Raymond "Ray" Carl Jackson (7 May 1928, Medora, Indiana – 7 April 2008, Lubbock, Texas) was an American botanist, known "for his work in cytogenetics, particularly on polyploidy, and for his discovery of low chromosome numbers in angiosperms."

Biography
After three years of service in the U.S. Army Air Forces/U.S. Air Force, Jackson matriculated in 1949 at Indiana University, where he graduated with bachelor's degree in 1952 and master's degree in 1953. In 1953 he became a graduate student at Purdue University, where he graduated in 1955 with Ph.D. in botany.
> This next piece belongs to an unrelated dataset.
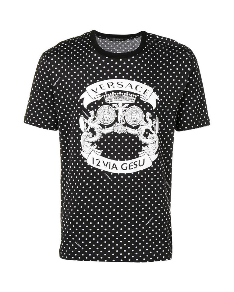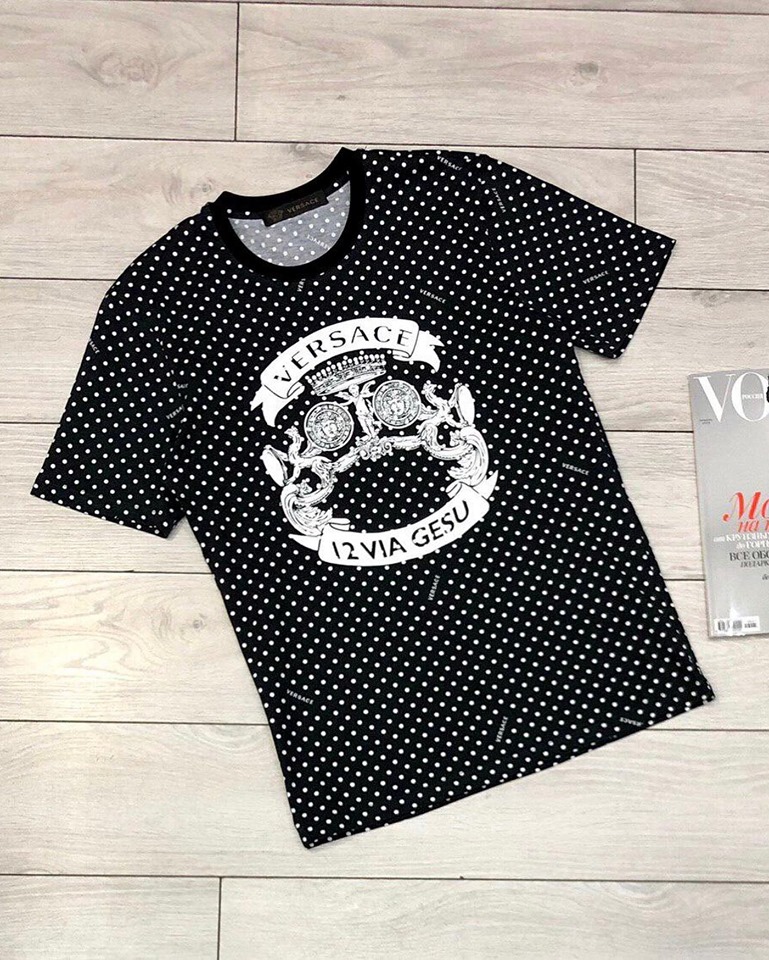 Футболка женская Versace LUX-13257 – это стильный элемент гардероба, выполненный в классическом черном цвете с эффектным принтом в мелкий белый горошек. Центральным элементом дизайна является узнаваемый логотип Versace в окружении изящных узоров и надписи "12 VIA GESU", что подчеркивает премиальный статус изделия. Эта модель идеально подойдет для создания ярких и запоминающихся образов, сочетая в себе роскошь и повседневный комфорт.

From 1955 to 1958 he was a faculty member and herbarium curator at the University of New Mexico. In New Mexico he studied the dessert annual Xanthisma gracile (synonym Haplopappus gracilis) and found that it has "n=2 chromosomes, the lowest number ever reported for a plant." From 1958 to 1971 he was a professor of botany at the University of Kansas, where in 1969 he was appointed chair of the botany department. There he was also the chair of the interdepartmental Ph.D. program in genetics. In 1971 Jackson become the chair of the department of biological sciences at Texas Tech University. There he resigned as chair in 1978, was appointed Paul Whitfield Horn Professor in 1980, became professor emeritus in 1997, and continued his research as Horn Professor Emeritus until he died in 2008.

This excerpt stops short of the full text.